Can AI Speed Up the Supply Chain Process?
Like many other industries, the logistics sector is currently confronting enormous change management, and like all change, this brings both risk and opportunity. New technology, new market entrants, new customer expectations, and new business models. There are many ways the sector could develop to meet these challenges, some evolutionary, others more revolutionary.
One of the long held aims of the industry has been to reduce the number of freight vehicles on the road. As such a significant part of the GDP in India, the prospect of being able to remove 30-40 per cent of freight vehicles from the roads has massive environmental and economic implications for all of us.
A perfect blend of art and science, logistics forms the humanities of the business world. And to have a grasp of what that means, one has to go beyond defining it as the shortest path between two points. Managing available resources effectively, minimal transportation expenditure and overall smooth operation is the goal to be achieved, unfailingly, every single time. It can get pretty mind-boggling, as poorly organized logistical service providers often complain about idle vehicles at times, and an unprecedentedly busy fleet at other instances. And the business, of dispatching the desired order, to the customer, within an acceptable/promised period can get unbelievably tricky, unless your software is sufficiently advanced to support situational optimization. And that’s not where the story ends. One can always expect last moment changes in deployment of orders, modifications in quantity, availability of fleet and unexpected flux of traffic.
Let’s look at it this way – there are n! ways in which one can deliver n items. That is to say, to deliver two items, 1x2 (so, two) combinations are possible, for three, 1x2x3 (so, six) combinations, and for completing just six purchase orders, an atrocious 720 ways. And that, as one can see, is quite beyond human capacity to manage productively, without computational intervention. In fact, it gets so mathematical, that we can already see you cringe in anticipation of complex formulae hauled at you. Add it all up and the sector is under acute and growing pressure to deliver a better service at an ever lower cost.
Artificial Intelligence may have seen its share of controversy in recent times, but there is no denying that its advance algorithms have transformed the analytical abilities of logistics operations. Businesses are intercepting copious amounts of data with the end goal of giving their customers more of what they want, when and where they want it, with utmost efficiency. Now with the ‘smart’ attribute, AI technologies use what it ‘learns’ on one task or product and transfers that knowledge when it recognizes its need for similar tasks or products. Even the most skilled human mind does not hold a candle to the speed and conclusiveness that AI brings to the logistics table.
How Do We Deliver Services On Demand?
Changing consumer behavior and the desire for personalization are enforcing the employment of AI in the on-demand services sector, since the processes involved there exceed the bandwidth of even a skilled human. On-demand delivery enables consumers to have their purchases delivered where and when they need them by using flexible courier services. The system, powered by machine learning, automatically assigns delivery jobs to drivers, reducing the need for a human dispatcher.
Where Should My Trucks Be?
Delivery route planning algorithms can chart the best possible route to deliver an order and allow a field executive to cover the maximum number of points in the shortest time possible. With the faculty of both intra-city and inter-city route planning, Route Optimization is technology’s answer to the famous Traveling Salesman Problem.

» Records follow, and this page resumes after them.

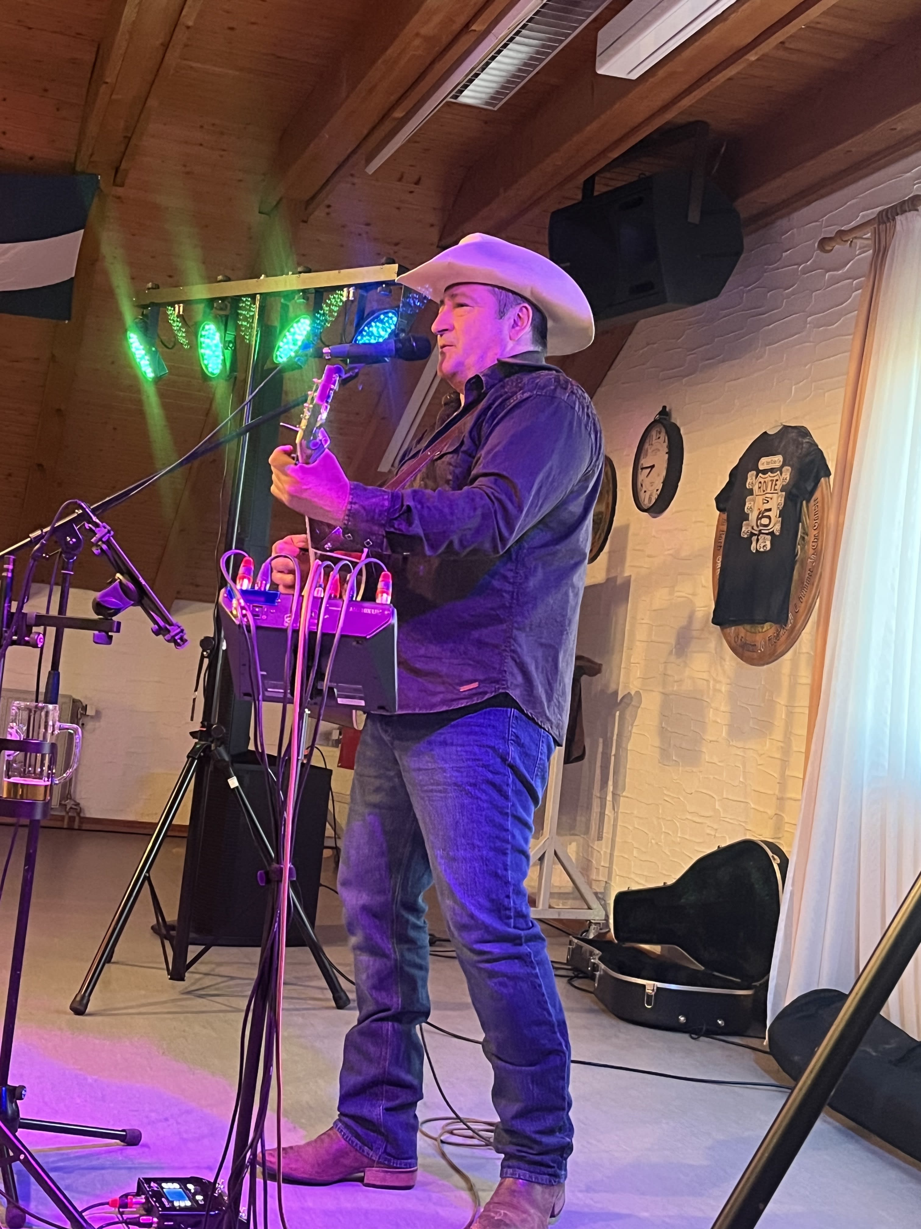 Countrymusic vom Feinsten. Solo oder mit kompletter Band. Von den Klassikern über die großen 80'er Jahre Stars wie George Strait, Garth Brooks und Alan Jackson hin zu den top aktuellen New Country Acts wie Blake Shelton, Zach Top, Midland oder Jon Pardi. Perfekt für Ihre nächste Linedance Party, Firmenevent, Themenabend usw. Linedance Teaching für Ihre Gäste im Rahmen der Veranstaltung möglich. Professionelles Entertainment mit über 30 Jahren Countrymusic Bühnenerfahrung vom kleinen Clubevent bis hin zu den großen Showbühnen. Im Vorprogramm unter anderem von Bands wie TRUCK STOP, TOM ASTOR oder GUNTER GABRIEL.
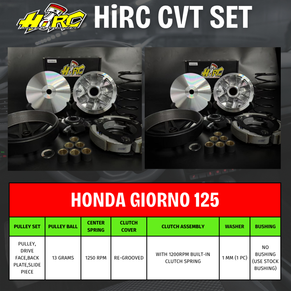 Hirc CVT SET Complete Set for HONDA GIORNO 125 (Degree: 14)-NO BUSHING
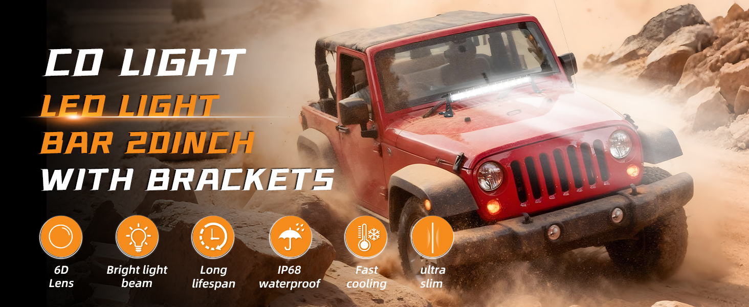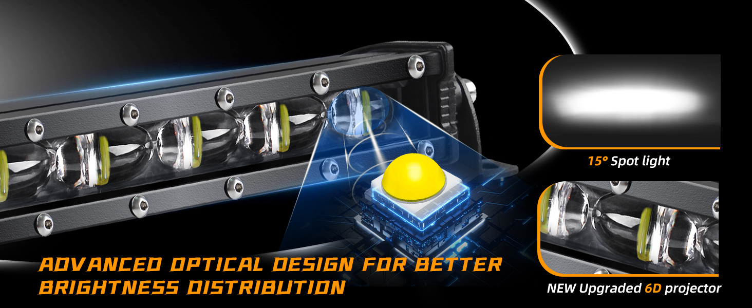 𝐒𝐮𝐩𝐞𝐫 𝐒𝐥𝐢𝐦 𝐃𝐞𝐬𝐢𝐠𝐧 & 𝟔𝐃 𝐋𝐞𝐧𝐬: One of the rare ultra-slim 20-inch LED light bars on the market. Its sleek, low-profile design integrates cleanly with a wide range of vehicles, mounting neatly on roofs, bumpers, grilles, or above windshields without adding bulk. Advanced 6D optical lenses deliver powerful, focused illumination—achieving an ideal balance between compact size and high-performance lighting
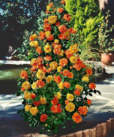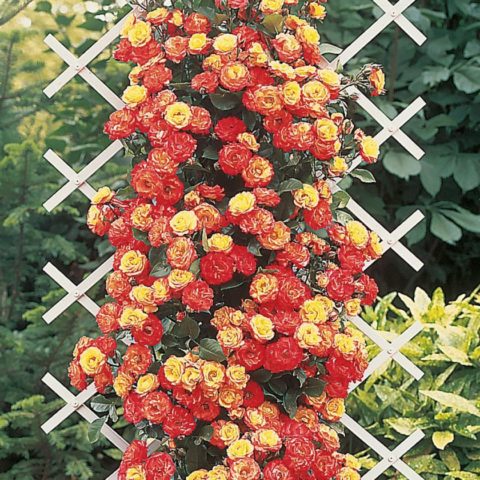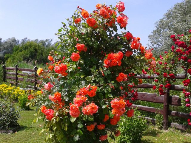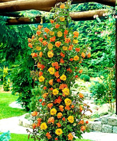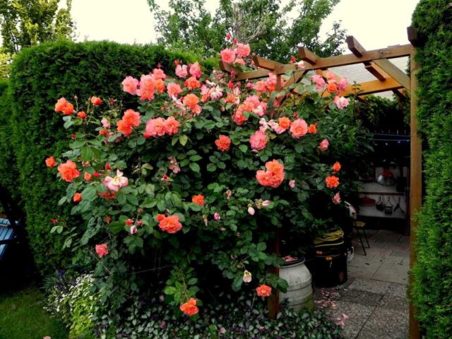 La rosa de rumba se cultiva cerca del soporte. Escalar floribunda es una buena opción para el paisajismo vertical en el jardín y en el patio trasero. La variedad se usa con mayor frecuencia:
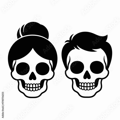 Vector illustration of two stylized skulls male and female black silhouette scalable graphic white background
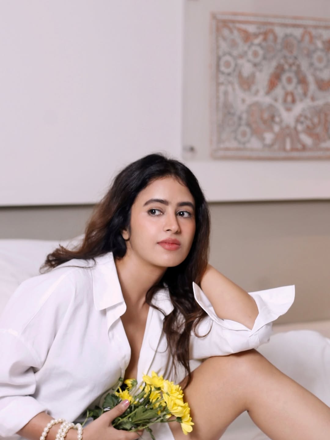 In the photo, she is seen sitting comfortably on a bed dressed in a loose white shirt. She holds a small bunch of yellow flowers close to her face.
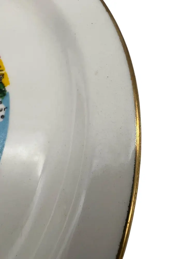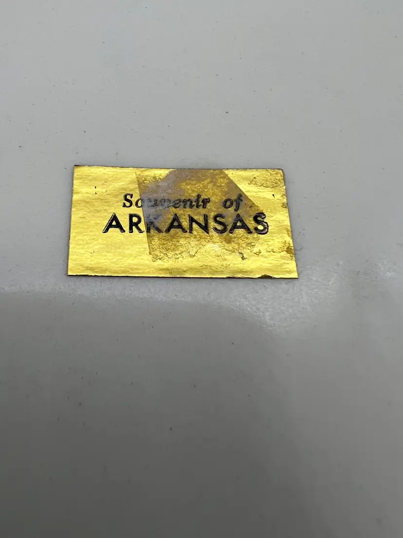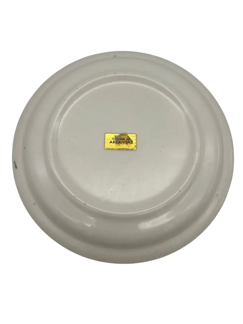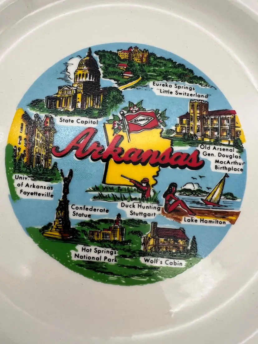 Vintage 7.5″ souvenir plate featuring Arkansas landmarks (State Capitol, Hot Springs, Eureka Springs “Little Switzerland,” Wolf’s Cabin, Lake Hamilton, Stuttgart duck hunting, MacArthur birthplace). White ceramic with gold metallic rim. Great addition for Arkansas collectors or mid-century Americana displays.
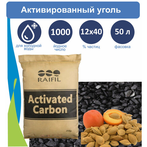 Raifil 12x40 активированный уголь на основе скорлупы кокосовых орехов. Большая площадь поверхности обеспечивает отличную адсорбцию органических соединений и эффективное удаление озона и хлора из воды. Улучшает органолептические свойства воды: вкус, цвет, запах.
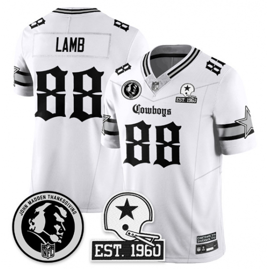 Home>NFL>Dallas Cowboys>Men>Men Dallas Cowboys 88 CeeDee Lamb White 2025 F U S E With John Madden Patch 26 Established In 1960 Patch Vapor Limited Stitched Football Jersey
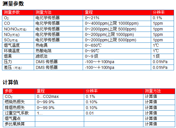 德國(guó)RBR ecom-CN手持式煙氣分析儀測(cè)量參數(shù):
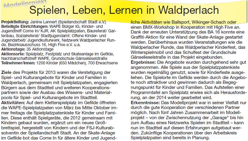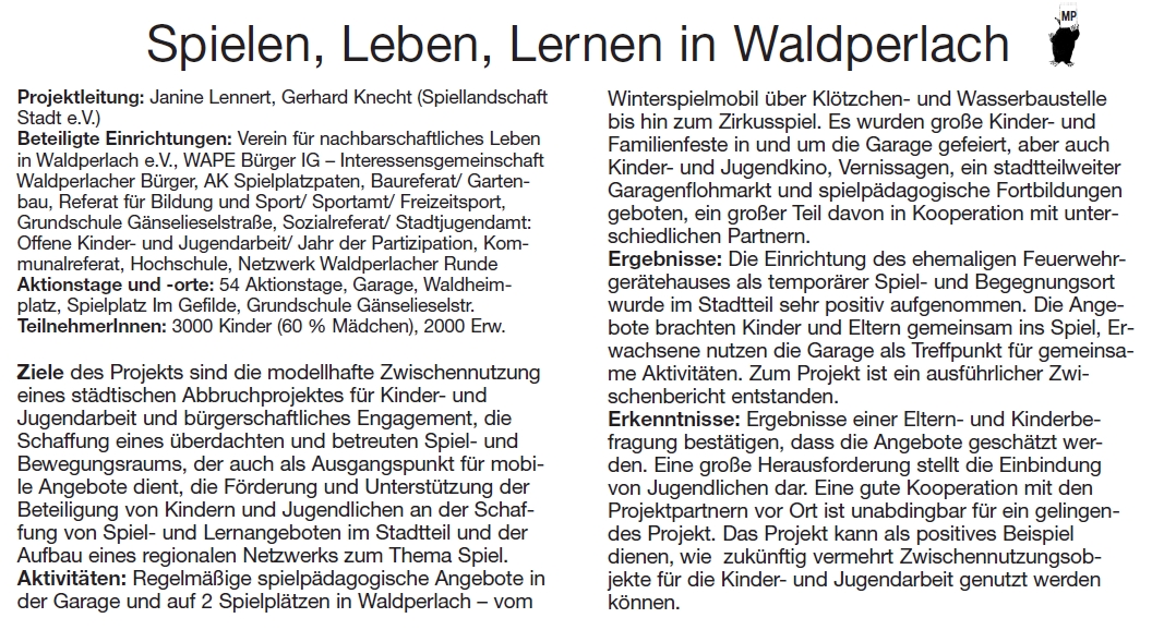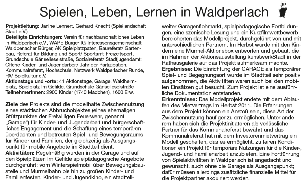 Gartengestaltung und gemeinsames Kochen, Murmelbahn und Wasserbaustelle, Vernissagen und Kinderkino, Garagenflohmärkte und mehr brachten Jung und Alt zusammen. Das Ergebnis aus zwei Jahren des großen ehrenamtlichen Engagements kann sich sehen lassen: Vereine, Initiativen und Einzelpersonen aus dem Stadtteil haben gemeinsam mit den Fachleuten vom Spiellandschaft Stadt e.V. 94 Aktionstage organisiert und über 10.000 Besucher und Besucherinnen angelockt. Dieses bundesweit einmalige Zwischennutzungsprojekt wurde 2012 mit dem Innovationspreis des BAG Spielmobile e.V. unter dem Motto „Zusammen geht’s besser“ ausgezeichnet.
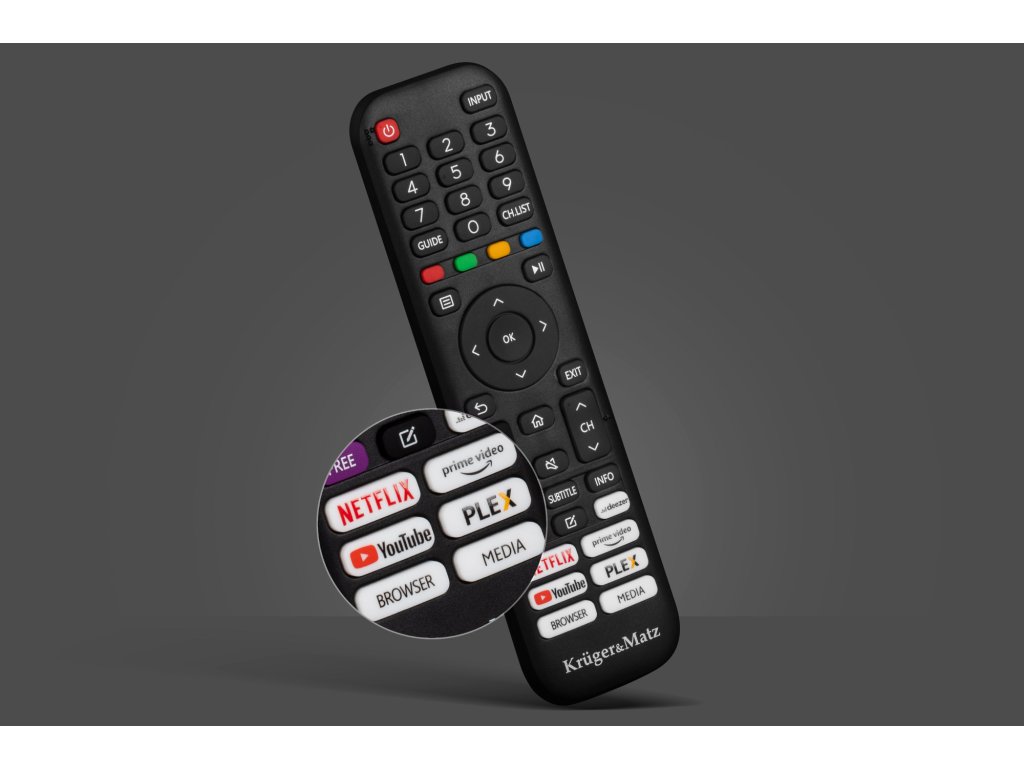 Dálkový ovladač dodávaný k televizoru Kruger&Matz byl navržen s ohledem na pohodlné a intuitivní používání. Na ovladači jsou zkratky k nejoblíbenějším aplikacím, jako jsou Netflix, YouTube nebo Amazon Prime Video. Díky nim můžete rychle spustit oblíbený obsah bez nutnosti procházet menu nebo hledat aplikace.

Can We Expect the Unexpected?
Managing disruptions is an important business task that can be improved with AI. Predicting disruptions and training AI to learn from contingency plans developed by humans enables automated corrective action in the future. AI can leverage data platforms to process terabytes of data and create datasets to determine patterns and anomalies. These patterns are governed by predictive analysis, which can forecast variables like ETAs, delivery zones, and even the distance a package has to travel before it reaches the end customer.
How and When to Purchase?
AI assists in procurement by generating real-time visibility of the spend data and helps drive cost reduction and compliance agenda, in the process.
What is the Future of Transportation?
Driverless vehicles, alone have the potential to completely change the way we transport products, and they’re closer than we think. Towards the end of last year, in the US, an experimental driverless truck delivered 50,000 beer cans, covering around 200 kilometers, going up to 80 km/h. The testing served as a wake-up call for the logistics industry that employs millions of truck drivers. AI is shaping up to take over the roads as well, potentially leading to full automation of truck fleets.
In today’s dynamic world, AI embedded supply chains offer a competitive advantage. AI armed with predictive analytics can analyze massive amounts of data generated by the supply chains and help organizations move to a more proactive form of supply chain management. Thus, in this digital age where the mantra is “evolve or be disrupted”, companies are leveraging AI to reinvent themselves and scale their businesses quickly.